Jour 9. Angkor à nouveau. Banteay Samre – arrêt dans les rizières vert fluo – puis Banteay Srey, la citadelle des femmes en grès rose. Visite d’un transformateur de sucre de palme. Le soir, je traverse la rue de l’hôtel pour un massage complet du corps. Toute habillée de vêtements amples. Sokha m’enroule autour d’elle, appuie, me tord, libère tout. Elle aime particulièrement mes cheveux, qu’elle tresse à la fin de la séance. Je me suis retrouvée enfant.
Jour 10. En route pour Katie. Journée de voyage à nouveau. Visite en partant du temple Bakong – le premier temple pyramide encore assez bien conservé. Nous avons remonté le temps car Bayon, le premier temple que nous avons visité, est lui le dernier temple construit en pyramide à Angkor. Un rêve m’obsède depuis trois jours. Mon moment préféré est la fin de journée, quand les rizières se teintent de cuivre et que la terre rouge retombe, couvrant le sol de particules vivantes et lumineuses. La nuit, à la verticale dans le ciel, le croissant de lune s’est tourné pour ne former plus qu’un grand sourire aux dents blanches.
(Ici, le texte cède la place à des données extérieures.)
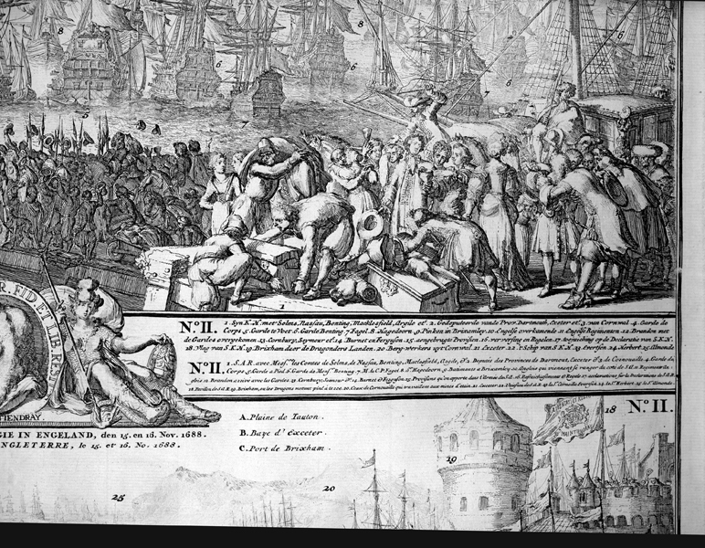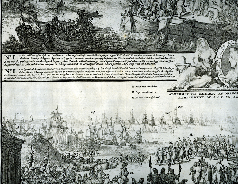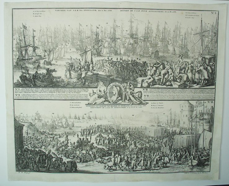 Vertrek van S.K.H. na Engeland, den 11. Nov. 1688 Depart De S.A.R. pour Angleterre, Le 11. No. 1688. Aenkomst van S.K.H. D.P. van Orangie in Engeland, den 15 en 16. Nov. 1688, Arrivement de S.A.R. en Angleterre, le 15. et 16. No. 1688.

Jour 11. Nous sommes arrivés ce soir assez tard à Kratie – il faisait déjà nuit noire. Le bus a déposé notre groupe de 10 jeunes sur une plage où nous attendait un bateau. Armés d’un change pour la nuit, en sac à dos, direction l’île ! Nous traversons le Mékong pour loger deux nuits chez l’habitant. De l’autre côté du fleuve, des moto-taxis nous attendent. Chacun prend son chauffeur, remonte la dune de sable et part à toute allure sous les arbres, sur la seule et unique route. On se retrouvera à l’arrivée. L’arrivée est une grande maison sur pilotis entourée de jungle et de rizières. Nous allons dormir tous ensemble dans un dortoir géant. Notre lit est composé d’un matelas très dur Guccci, d’un oreiller, d’un pled d’avion bleu et d’une moustiquaire colorée sous un ventilateur. Première nuit difficile pour certains : nous avons peur d’éventuels insectes car O. a trouvé une tarentule morte dans la douche un peu plus tôt. Les habitants nous gâtent en nourriture. Le lendemain, départ du Home Stay en vélo pour rejoindre le continent. Nos destriers semblent avoir vécu mille vies avant d’arriver jusqu’à nous, on note quelques vieux canassons de ferraille français. Promenade en bateau pour observer les dauphins, l’un d’eux passe à contre-courant tout près de notre embarcation. Visite d’un fabricant de gâteaux de riz gluant. Nous nous baignons tous dans le Mékong avant de sécher dans de petites huttes en bambou. Tour de l’île à vélo dans le coucher du soleil, le soir on fait une grande fête pour les anniversaires de M. Et G. Réveil le lendemain matin très tôt, vélos, bateau, traversée, dernier marché, celui de Shhlong, nous rentrons à Phnom Penh. C’est déjà notre dernier jour.